With the exception of Paul Theroux’ stuff, travel writing is mostly sanitized hype. That’s even more true for travel TV; it’s basically a long-form commercial for the lands of color and contrast that want you to visit and spend your money. The exception being Ricky Gervais’ “An Idiot Abroad.” It gets as nasty and snarky as Theroux’ writing, but there’s a difference.
Theroux is the savvy traveler who gives you his unvarnished POV of foreign lands. This includes his sneers at disgusting crap, but also includes a sense of wonder. Theroux is curious. He wants to see/know/feel/hear/taste the planet, good and bad. Karl Pilkington, the hero of the show, as the title implies, is an idiot. He doesn’t want to travel. He wants to watch telly at his flat back in the UK. Instead, through bribe of money or some form of blackmail, Gervais and X are sending him around the planet to places he hates. It is, as Gervais puts it, an extended practical joke. But, of course, it ain’t.

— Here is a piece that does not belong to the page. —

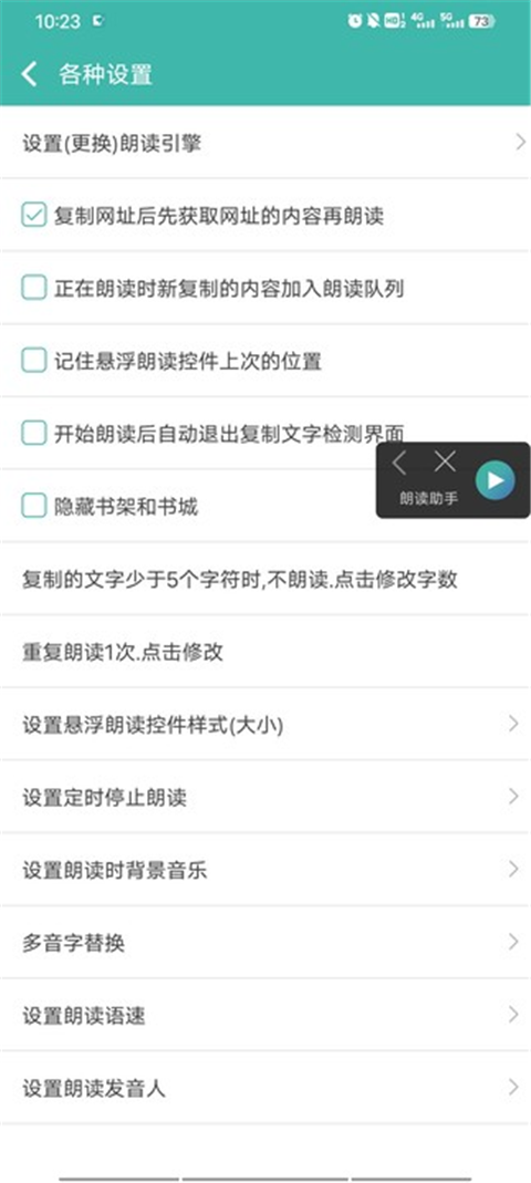 8、你可以在软件首页的设置里可以设置各种参数,如重复朗读次数、朗读背景音乐、加入朗读队列等。
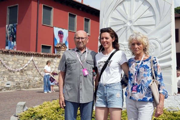 La Maglia Rosa Jonathan Vervenne con Sergio e Rosa Casartelli, genitori di Fabio, oro olimpico a Barcellona 1992, che ha perso la vita tragicamente al Tour de France del 1995. Albese con Cassano era il suo paese d’origine

X is Gervais’ clueless character from The Office, a little dumber, a little more working class, but essentially the same. His reactions are prejudicial, parcochial, nrrow, unimaginative. And you’d have to be an idiot to think this Idiot was unscripted. The writers of his script, clearly, aren’t idiots.
 Bssically, this clueless Brit (a real-life Homer Simpson, according to Gervais) wanders the planet in slack-jawed bafflement at the dirty, smelly brown people he encounters and their rotten customs, religions dwellings and cities. On the face of it, his disgust (at toads on a stick in China, or whatever) is what we laugh at. He’s a British Archie Bunker reacting to stuff he doesn’t get. (Them there chinks eat anything on a stick!) But, of course, that’s a buckshot prophylactic. Full of holes, eh? An Indian fakir demonstrate his command of yoga by yanking out his penis, rolling it on a cane like a piece of taffy, and then pulling it behind his legs and halfway up his arse. X is agog, and we laugh. We laugh too. Not at him. Or with the fakir. We’re bloody well laughing at him.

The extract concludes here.